Growing frustrated with the complexity, one of your engineers starts looking for a simpler solution. After some research, they stumble across Inngest's Flow Control .
Flow Control in Inngest lets you manage how and when your functions run. You can control things like resource usage (CPU, concurrency), event execution order, how functions behave in a queue, and how often they run per event.
The team realizes that everything the team was trying to build manually, rate limiting, deduplication, retries, and prioritization, is already handled natively within Inngest.
So instead of stitching together Kafka consumers and Redis keys, they can use declarative primitives like:
Debounce to avoid duplicate processing
Prevent duplicate resumes from being parsed within a short window:
export default inngest.createFunction(
{
id: "handle-webhook",
debounce: {
key: "event.data.resume_id",
period: "5m",
timeout: "10m",
},
},
{ event: "user/resume.updated" },
async ({ event, step }) => {
// This function will only be scheduled 5 minutes after events are no longer received with the same
// `event.data.resume_id` field.
//
// `event` will be the last event in the series received.
}
);
Throttle to control API usage
Limit how frequently a user can trigger expensive operations:
export default inngest.createFunction(
{
id: "unique-function-id",
throttle: {
limit: 1,
period: "5s",
burst: 2,
key: "event.data.user_id",
},
},
{ event: "jobs/job_posts" },
async ({ event, step }) => {
// This function will only allow 1 request every 5 seconds per user_id
// with a burst allowance of 2 requests
}
);
Built-in durability, retries, and observability
No need to write retry logic or track state, Inngest handles all of that automatically. If a step fails, it retries with backoff. If a user uploads multiple resumes, you can cancel previous runs. And you get full visibility into every workflow with step-by-step logs.

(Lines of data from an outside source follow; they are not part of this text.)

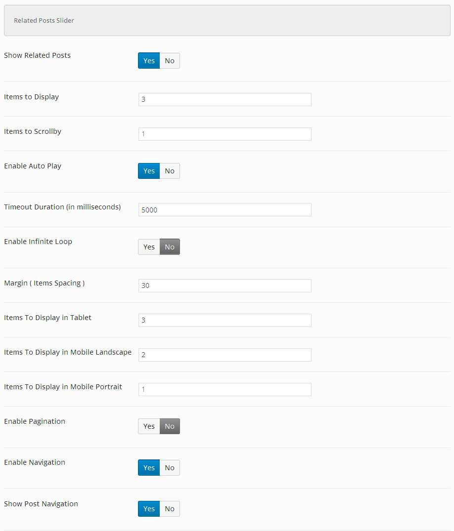 Enable Infinite Loop – You can enable/disable the Loop option for Related Post Slider.
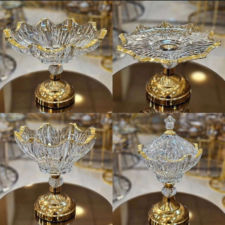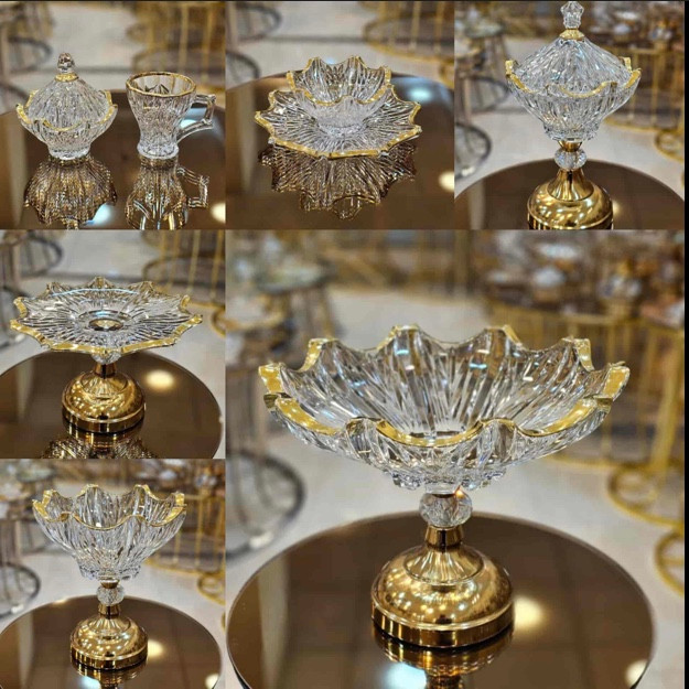 شامل: میوه خوری پایه فلز و شیرینی خوری پایه فلز و کاسه اجیل پایه فلز و شکلات پایه فلز و پیاله وپیش دستی میباشد
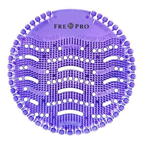 Aromatické a gelové vonné sítko FrePro Wave2 do pisoáru s indikátorem data výměny.Velice příjemná a decentní vůně,Levandule, která je 15x intenzivnější než mají běžná vinylová sítka. Eliminuje pachy a optimizuje tvorbu bakterií, zabraňuje šíření pachů hned v jejich zárodku. Výrobce garantuje plnou účinnost po dobu 30 dnů. Speciálně vyvinutý design zajišťuje rychlejší a účinnější splachování obsahu pisoáru, mísa se průběžně čistí. Úspora času pro úklid až 50%. Transparentní design umožňuje průběžnou kontrolu stavu odpadních cest, účinněji brání ucpávání. V procesu působení sítko uvolňuje účinné bakterie– pohlcovače pachů a vonné látky, proto se mírně smršťuje. Kulatý tvar umožňuje umístění do každého typu pisoáru. Neobsahuje žádné látky poškozující ozon, ani žádné látky ohrožující lidské zdraví. Delší bodlinky účinněji zabraňují rozstřikávání moči, usnadňují očistu pisoáru a uvolňují více vůně do prostoru. Sítko se vkládá do pisoáru bodlinkami nahoru.

With Flow Control , what once required a distributed system of Kafka, Redis, and coordination code becomes a simple, maintainable function that just works, and scales.
Now the team no longer has to worry about patching Redis logic, writing custom retry handlers, or managing Kafka infrastructure. They can finally focus on what actually matters: building a great product.
The team is shipping faster. Bugs related to duplicate resume processing have disappeared. API usage has dropped thanks to built-in throttling. Product managers can now suggest changes or new features without it turning into a full sprint of Kafka reconfigurations.
Kafka is powerful, no doubt, but for most teams, especially those building product workflows, it's too much. You end up writing glue code, managing extra infrastructure, and solving problems that have already been solved a hundred times.
Inngest's Flow Control gives you those same capabilities, without the overhead. You get retries, rate limiting, debouncing, throttling, prioritization, and more, all built-in, all configurable, and all production-ready.
So if you're spending more time managing queues than delivering features, maybe it's time to ask a better question:
What if your event-driven architecture didn't need to be this hard?